| WORK INSTRUCTIONS |
Set the data down exactly as it stands, and keep its pictures out.

| DATASET EXTRACT |
※ ※ ※
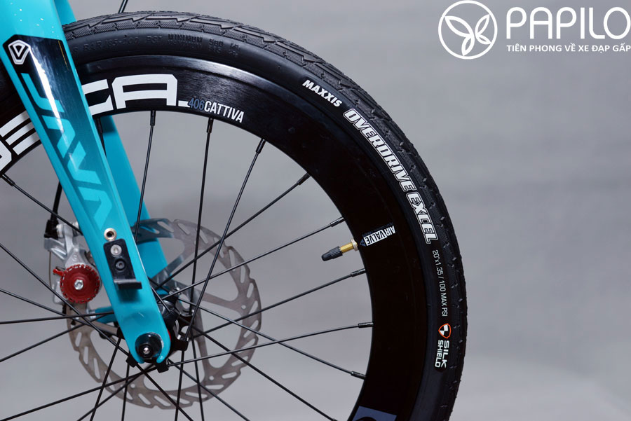 – Bánh xe 20 inch, Lốp xe Maxxis (thường xuất hiện ở ô tô), lốp lụa đàn hồi và chịu lực tốt lên đến 100psi
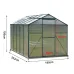 Description 8x6ft Outdoor Garden Polycarbonate Walk In Greenhouse with Sliding Door and Base Foundation, Green
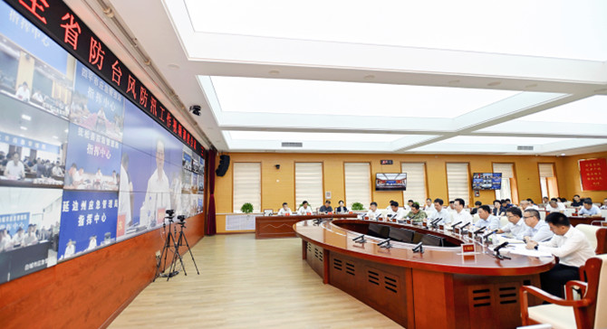 8月11日,省委书记景俊海主持召开全省防台风防汛工作视频调度会议,省委副书记、省长胡玉亭出席会议并讲话。邹乃硕 摄
※ ※ ※
| EXERCISE RESPONSE |
 – Bánh xe 20 inch, Lốp xe Maxxis (thường xuất hiện ở ô tô), lốp lụa đàn hồi và chịu lực tốt lên đến 100psi
 Description 8x6ft Outdoor Garden Polycarbonate Walk In Greenhouse with Sliding Door and Base Foundation, Green
 8月11日,省委书记景俊海主持召开全省防台风防汛工作视频调度会议,省委副书记、省长胡玉亭出席会议并讲话。邹乃硕 摄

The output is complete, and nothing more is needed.